Cuando Rodrigo pateó la puerta de la frágil construcción, se encontró con su poco agraciado amigo poseyendo por detrás a una moza no muy favorecida y entrada en carnes. Sostenía sus enormes pechos entre sus manos a la vez que le decía groserías al oído. No tenía remedio. La moza se bajó la falda avergonzada y salió huyendo, mientras Toribio se subía el calzón entre los empellones de su amo, que se mostró enfadado de veras con él.
De camino al dormitorio de invitados para hacer el petate, Rodrigo recriminó su lascivia a aquel sátiro, que le aclaró que estaba «trabajando en la misión».
—¿Qué? —repuso el templario sonriendo. No podía creerlo.
—Sí, sí, Rodrigo. Esa moza es nada menos que la sobrina de don Isaac, uno de los compañeros de vuestro maestro, un judío catalán que acabó afincado en Lyon. La dejan entrar al monasterio durante las horas del día para hacer de sirvienta de los traductores judíos y para que limpie y mantenga ordenadas sus habitaciones junto a las tenerías.
—Pues no hace demasiado bien su trabajo —espetó el templario recordando el desorden de los aposentos de los maestros.
—El caso es que me propuse sonsacarla.
—Difícil y sacrificada misión, tratándose de vos.
—Lo cierto es que la moza es ardiente, sí —dijo Toribio sonriendo con malicia y frunciendo su frente uniceja—. El caso es que hoy mismo me he enterado de algo.
—¿Y bien?
—Su tío, el tal don Isaac, era pariente lejano de uno de los siete sabios desparecidos en París.
—¿Y?
—Cuando se produjo la desaparición, toda la comunidad judía se empleó a fondo para dar con el paradero de los siete sabios. En primer lugar pensaron que los habían traído aquí porque sabían que Bernardo de Claraval tenía sabios judíos trabajando para él.
—Es lógico.
—Bien, pues aquí no los trajeron —continuó relatando Toribio—. Todos los judíos de Francia se conjuraron para dar con los sabios, sin suerte. Parecía que se los hubiera tragado la tierra hasta que un buen día, dos años después de la desaparición, un comerciante judío que comía en una taberna vio entrar a un rabí acompañado por dos templarios, y se sentaron a una mesa apartada. Creo que hubo una trifulca y los dos milites se levantaron a poner orden. Entonces, el rabí se acercó al comerciante y con disimulo le dio una esquela.

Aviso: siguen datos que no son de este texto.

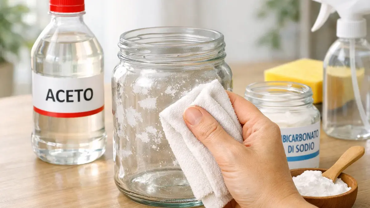 Per i residui più resistenti, acqua calda e bicarbonato di sodio rappresentano una combinazione efficace e sicura. L’acqua ammorbidisce la colla, mentre il bicarbonato agisce come abrasivo leggero. Strofina delicatamente e poi lava il vetro con sapone neutro.

Los templarios parecían llevarlo preso, pues, al parecer, se sentaron uno a cada lado del misterioso hebreo. Cuando pudo salir de la taberna el comerciante leyó la esquela. Era de un sabio judío, en efecto, que decía haber sido secuestrado por el Temple y que pedía que le hicieran llegar a su familia la noticia. La esquela decía que estaba vivo y que lo mantenían retenido en La Rochelle.
—Era el pariente de don Isaac.
—En efecto.
—¿Y dieron con ellos?
—Lo intentaron, pero el Temple cuenta con varias fortalezas allí y la orden es hermética, como bien sabéis.
—Eres tremendo, Toribio… no sé cómo recompensarte.
—No se merece, no se merece —contestó aquel depravado encaminándose a su catre para hacer el equipaje.